→ Action item:
Pictures do not belong in the copy, so please give every entry below again exactly.

=== Begin Enclosure ===

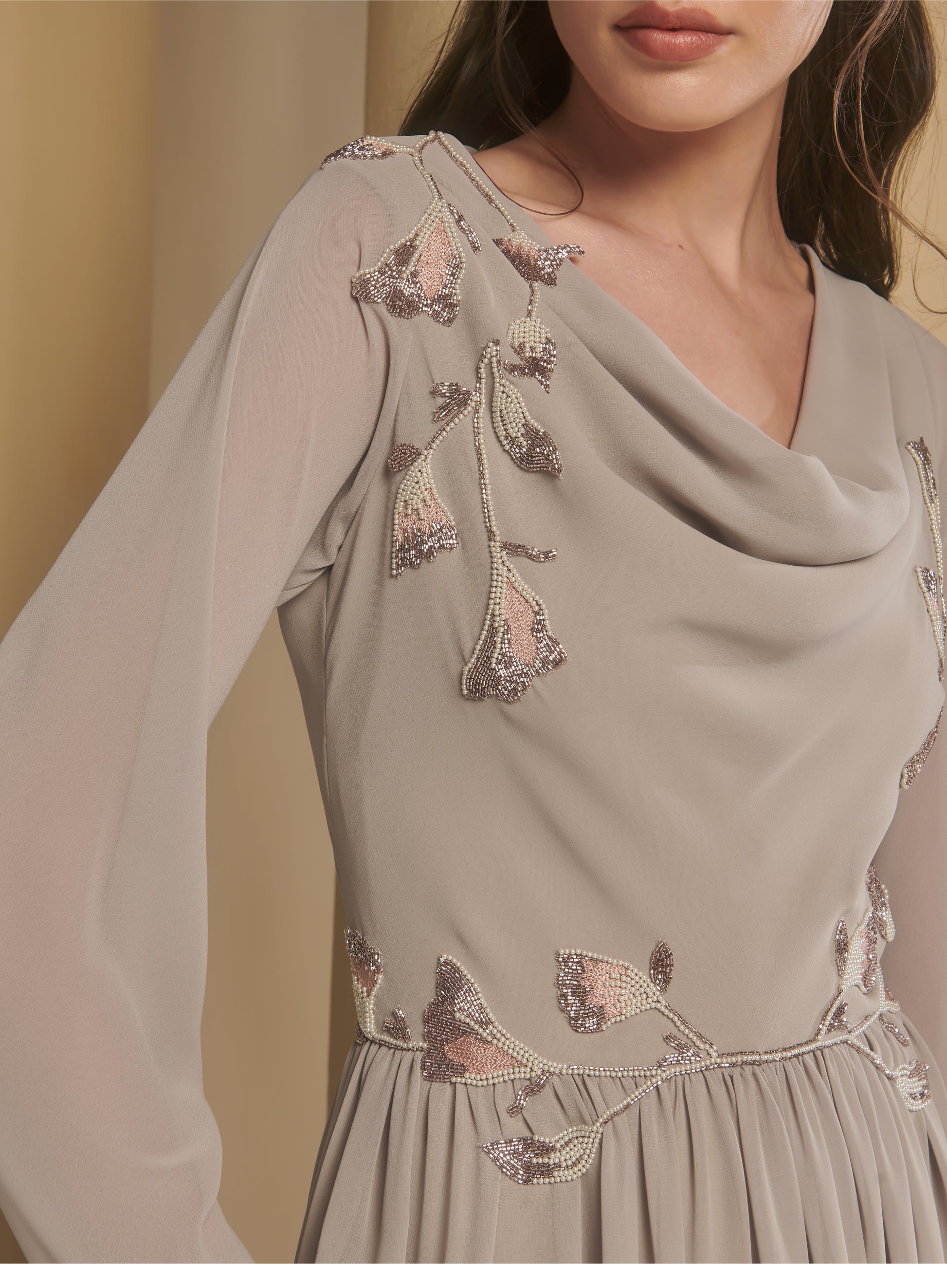 A chiffon cowl neckline dress with hand embroidery tulips and pearl details
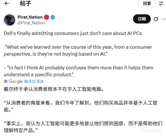 戴尔产品负责人凯文·特威利格(Kevin Terwilliger)在接受PC Gamer采访时表示:“我们非常注重设备的AI能力——事实上,我们即将发布的所有产品都配备了NPU——但今年我们发现,尤其从消费者角度来看,他们购买PC并非基于AI。AI反而可能让他们感到困惑,而非帮助他们理解具体价值。”
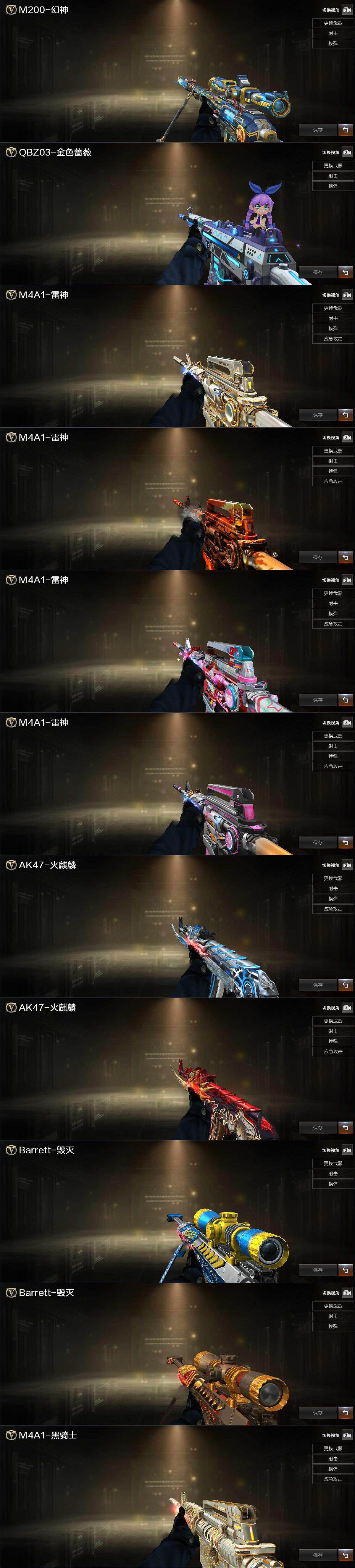 【热门武器】:QBZ03-金色蔷薇,M14EBR-玄武,M200-幻神,凤吟之魄,M4A1-黑骑士*2,COP 357-幻灵,沙鹰-修罗*3
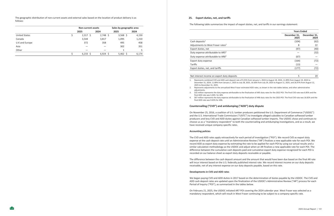 The geographic distribution of non-current assets and external sales based on the location of product delivery is as follows: Non-current assets Sales by geographic area 2025 2024 2025 2024 United States $ 2,317 $ 2,748 $ 3,568 $ 4,150 Canada 3,544 3,817 1,095 1,210 U.K and Europe 372 358 495 458 Asia — — 302 351 Other — — 1 5 $ 6,233 $ 6,924 $ 5,462 $ 6,174 -40- 25. Export duties, net, and tariffs The following table summarizes the impact of export duties, net, and tariffs in our earnings statement: Years Ended December 31, 2025 December 31, 2024 Cash deposits1 (104) (62) Adjustments to West Fraser rates2 8 22 Export duties, net (97) (40) Duty expense attributable to AR53 — (32) Duty expense attributable to AR64 (67) — Export duty expense (164) (72) Tariffs (13) — Export duties, net, and tariffs (177) (72) Net interest income on export duty deposits 5 19 1. Represents combined CVD and ADD cash deposit rate of 9.25% from January 1, 2024 to August 18, 2024, 11.89% from August 19, 2024 to December 31, 2024, 11.89% from January 1, 2025 to July 28, 2025, 16.50% from July 29, 2025 to August 11, 2025, and 26.47% from August 12, 2025 to December 31, 2025. 2. Represents adjustments to the annualized West Fraser estimated ADD rates, as shown in the rate tables below, and other administrative adjustments. 3. $32 million represents the duty expense attributable to the finalization of AR5 duty rates for the 2022 POI. The final CVD rate was 6.85% and the final ADD rate was 5.04% for AR5. 4. $67 million represents the duty expense attributable to the finalization of AR6 duty rates for the 2023 POI. The final CVD rate was 16.82% and the final ADD rate was 9.65% for AR6. Countervailing (“CVD”) and antidumping (“ADD”) duty dispute On November 25, 2016, a coalition of U.S. lumber producers petitioned the U.S. Department of Commerce (“USDOC”) and the U.S. International Trade Commission (“USITC”) to investigate alleged subsidies to Canadian softwood lumber producers and levy CVD and ADD duties against Canadian softwood lumber imports. The USDOC chose and continues to choose us as a “mandatory respondent” to both the countervailing and antidumping investigations, and as a result, we have received unique company-specific rates. Accounting policies The CVD and ADD rates apply retroactively for each period of investigation (“POI”). We record CVD as export duty expense at the cash deposit rate until an Administrative Review (“AR”) finalizes a new applicable rate for each POI. We record ADD as export duty expense by estimating the rate to be applied for each POI by using our actual results and a similar calculation methodology as the USDOC and adjust when an AR finalizes a new applicable rate for each POI. The difference between the cumulative cash deposits paid and cumulative export duty expense recognized for each POI is recorded on our balance sheet as export duty deposits receivable or payable. The difference between the cash deposit amount and the amount that would have been due based on the final AR rate will incur interest based on the U.S. federally published interest rate. We record interest income on our duty deposits receivable, net of any interest expense on our duty deposits payable, based on this rate. Developments in CVD and ADD rates We began paying CVD and ADD duties in 2017 based on the determination of duties payable by the USDOC. The CVD and ADD cash deposit rates are updated upon the finalization of the USDOC’s Administrative Review (“AR”) process for each Period of Inquiry (“POI”), as summarized in the tables below. On February 21, 2025, the USDOC initiated AR7 POI covering the 2024 calendar year. West Fraser was selected as a mandatory respondent, which will result in West Fraser continuing to be subject to a company-specific rate. -41- 2025 Annual Report | 131
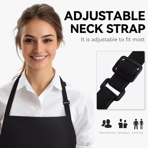 - Short Bib Apron: 24 inch long by 27.5 inch width cooking apron provides coverage from chest to thigh area. Two 39.4″ long waist straps can be wrapped from the front or from the back, depending on the user’s comfort

=== End Enclosure ===

→ Output:
 A chiffon cowl neckline dress with hand embroidery tulips and pearl details
 戴尔产品负责人凯文·特威利格(Kevin Terwilliger)在接受PC Gamer采访时表示:“我们非常注重设备的AI能力——事实上,我们即将发布的所有产品都配备了NPU——但今年我们发现,尤其从消费者角度来看,他们购买PC并非基于AI。AI反而可能让他们感到困惑,而非帮助他们理解具体价值。”
 【热门武器】:QBZ03-金色蔷薇,M14EBR-玄武,M200-幻神,凤吟之魄,M4A1-黑骑士*2,COP 357-幻灵,沙鹰-修罗*3
 The geographic distribution of non-current assets and external sales based on the location of product delivery is as follows: Non-current assets Sales by geographic area 2025 2024 2025 2024 United States $ 2,317 $ 2,748 $ 3,568 $ 4,150 Canada 3,544 3,817 1,095 1,210 U.K and Europe 372 358 495 458 Asia — — 302 351 Other — — 1 5 $ 6,233 $ 6,924 $ 5,462 $ 6,174 -40- 25. Export duties, net, and tariffs The following table summarizes the impact of export duties, net, and tariffs in our earnings statement: Years Ended December 31, 2025 December 31, 2024 Cash deposits1 (104) (62) Adjustments to West Fraser rates2 8 22 Export duties, net (97) (40) Duty expense attributable to AR53 — (32) Duty expense attributable to AR64 (67) — Export duty expense (164) (72) Tariffs (13) — Export duties, net, and tariffs (177) (72) Net interest income on export duty deposits 5 19 1. Represents combined CVD and ADD cash deposit rate of 9.25% from January 1, 2024 to August 18, 2024, 11.89% from August 19, 2024 to December 31, 2024, 11.89% from January 1, 2025 to July 28, 2025, 16.50% from July 29, 2025 to August 11, 2025, and 26.47% from August 12, 2025 to December 31, 2025. 2. Represents adjustments to the annualized West Fraser estimated ADD rates, as shown in the rate tables below, and other administrative adjustments. 3. $32 million represents the duty expense attributable to the finalization of AR5 duty rates for the 2022 POI. The final CVD rate was 6.85% and the final ADD rate was 5.04% for AR5. 4. $67 million represents the duty expense attributable to the finalization of AR6 duty rates for the 2023 POI. The final CVD rate was 16.82% and the final ADD rate was 9.65% for AR6. Countervailing (“CVD”) and antidumping (“ADD”) duty dispute On November 25, 2016, a coalition of U.S. lumber producers petitioned the U.S. Department of Commerce (“USDOC”) and the U.S. International Trade Commission (“USITC”) to investigate alleged subsidies to Canadian softwood lumber producers and levy CVD and ADD duties against Canadian softwood lumber imports. The USDOC chose and continues to choose us as a “mandatory respondent” to both the countervailing and antidumping investigations, and as a result, we have received unique company-specific rates. Accounting policies The CVD and ADD rates apply retroactively for each period of investigation (“POI”). We record CVD as export duty expense at the cash deposit rate until an Administrative Review (“AR”) finalizes a new applicable rate for each POI. We record ADD as export duty expense by estimating the rate to be applied for each POI by using our actual results and a similar calculation methodology as the USDOC and adjust when an AR finalizes a new applicable rate for each POI. The difference between the cumulative cash deposits paid and cumulative export duty expense recognized for each POI is recorded on our balance sheet as export duty deposits receivable or payable. The difference between the cash deposit amount and the amount that would have been due based on the final AR rate will incur interest based on the U.S. federally published interest rate. We record interest income on our duty deposits receivable, net of any interest expense on our duty deposits payable, based on this rate. Developments in CVD and ADD rates We began paying CVD and ADD duties in 2017 based on the determination of duties payable by the USDOC. The CVD and ADD cash deposit rates are updated upon the finalization of the USDOC’s Administrative Review (“AR”) process for each Period of Inquiry (“POI”), as summarized in the tables below. On February 21, 2025, the USDOC initiated AR7 POI covering the 2024 calendar year. West Fraser was selected as a mandatory respondent, which will result in West Fraser continuing to be subject to a company-specific rate. -41- 2025 Annual Report | 131
 - Short Bib Apron: 24 inch long by 27.5 inch width cooking apron provides coverage from chest to thigh area. Two 39.4″ long waist straps can be wrapped from the front or from the back, depending on the user’s comfort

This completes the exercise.